[Data shown — start]
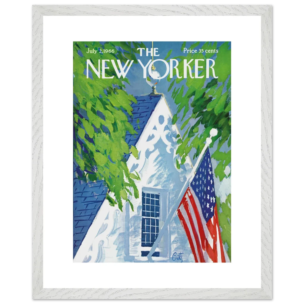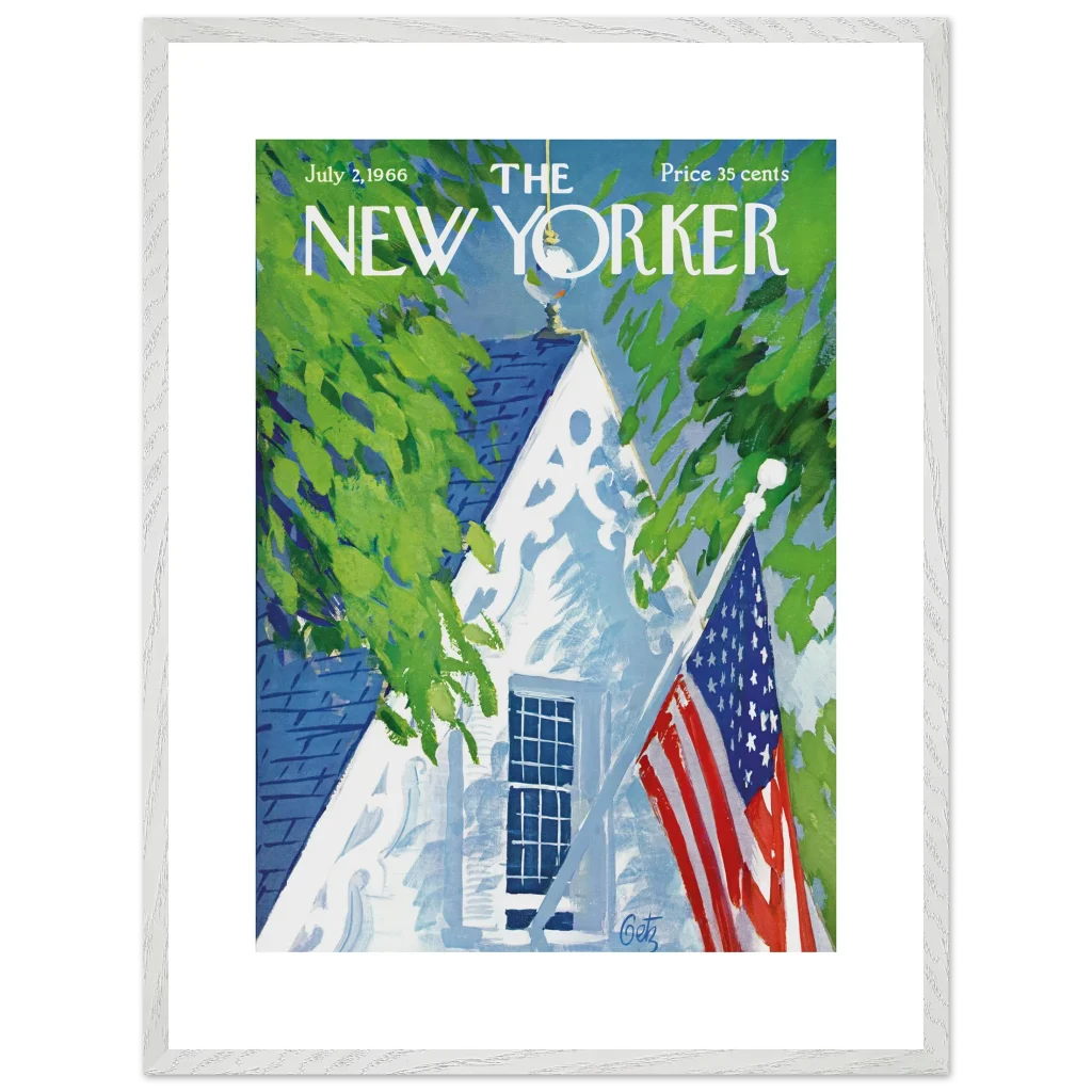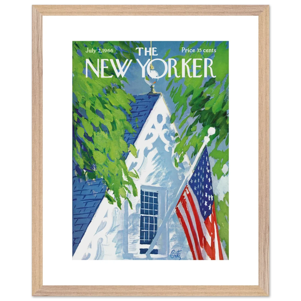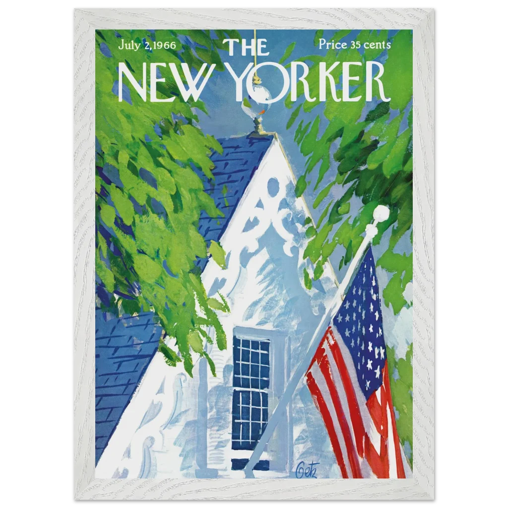 Capture the essence of a tranquil summer day with this stunning framed poster featuring a classic New Yorker cover. This vibrant piece, showcasing a charming house with an American flag under lush green foliage, brings a touch of nostalgic Americana and artistic flair to any room. It’s the perfect accent for art lovers seeking a blend of vintage charm and modern quality.
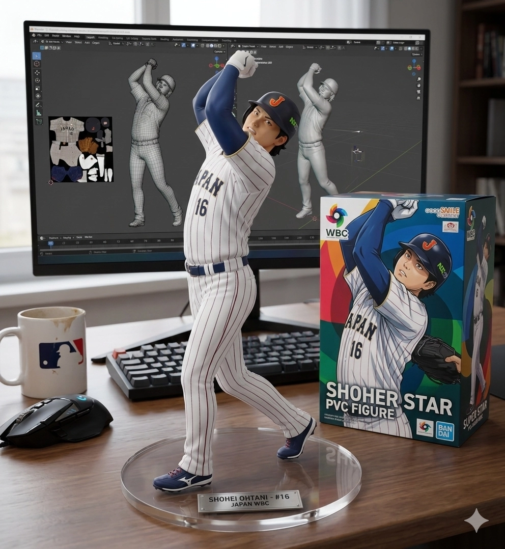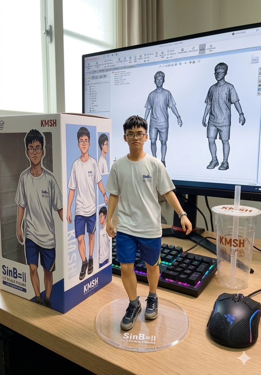 請用我提供的原圖,把圖片內主體變成電腦桌前的立體公仔。場景為一張電腦書桌,上面擺放著一個1/7比例的
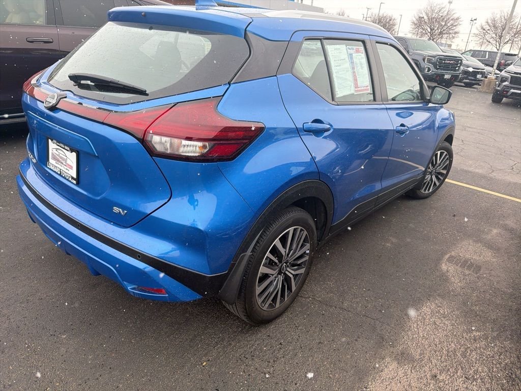 2023 Nissan Kicks SV Electric Blue Metallic 1.6L 4-Cylinder DOHC 16V FWD. Odometer is 14837 miles below market average! CARFAX One-Owner. Clean CARFAX. Come see this 2023 Nissan Kicks SV! It's the one you've been longing for! This Kicks comes equipped with these options: Apple CarPlay/Android Auto, Auto High-beam Headlights, Blind Spot Warning, Carpeted Floor Mats w/Cargo Mat, Door Pocket Light, Frameless Auto-Dimming Mirror, Fully automatic headlights, Heated door mirrors, Interior Ambient Lighting, Interior Electronics Package, Rear Parking Sensors, Splash Guards Grain (4 Piece), USB Charging Cable Set - Nissan. 31/36 City/Highway MPG. Looking for an affordable, reliable, new or used vehicle? If you've been looking at dealerships in Orland Park, Bolingbrook, or Naperville and not finding what you want, give us a try. We have a great selection of new, used, and Certified pre-owned cars and trucks on our lot, and we're sure there's one that will suit your needs. Whether it's a commuter car, family vehicle, or truck you're looking for, you'll find it here. And all of our used vehicles are inspected for quality and safety, so you can drive away with confidence.
[Data shown — finish]
Output the data above exactly; pictures do not belong in the copy.

 Capture the essence of a tranquil summer day with this stunning framed poster featuring a classic New Yorker cover. This vibrant piece, showcasing a charming house with an American flag under lush green foliage, brings a touch of nostalgic Americana and artistic flair to any room. It’s the perfect accent for art lovers seeking a blend of vintage charm and modern quality.
 請用我提供的原圖,把圖片內主體變成電腦桌前的立體公仔。場景為一張電腦書桌,上面擺放著一個1/7比例的
 2023 Nissan Kicks SV Electric Blue Metallic 1.6L 4-Cylinder DOHC 16V FWD. Odometer is 14837 miles below market average! CARFAX One-Owner. Clean CARFAX. Come see this 2023 Nissan Kicks SV! It's the one you've been longing for! This Kicks comes equipped with these options: Apple CarPlay/Android Auto, Auto High-beam Headlights, Blind Spot Warning, Carpeted Floor Mats w/Cargo Mat, Door Pocket Light, Frameless Auto-Dimming Mirror, Fully automatic headlights, Heated door mirrors, Interior Ambient Lighting, Interior Electronics Package, Rear Parking Sensors, Splash Guards Grain (4 Piece), USB Charging Cable Set - Nissan. 31/36 City/Highway MPG. Looking for an affordable, reliable, new or used vehicle? If you've been looking at dealerships in Orland Park, Bolingbrook, or Naperville and not finding what you want, give us a try. We have a great selection of new, used, and Certified pre-owned cars and trucks on our lot, and we're sure there's one that will suit your needs. Whether it's a commuter car, family vehicle, or truck you're looking for, you'll find it here. And all of our used vehicles are inspected for quality and safety, so you can drive away with confidence.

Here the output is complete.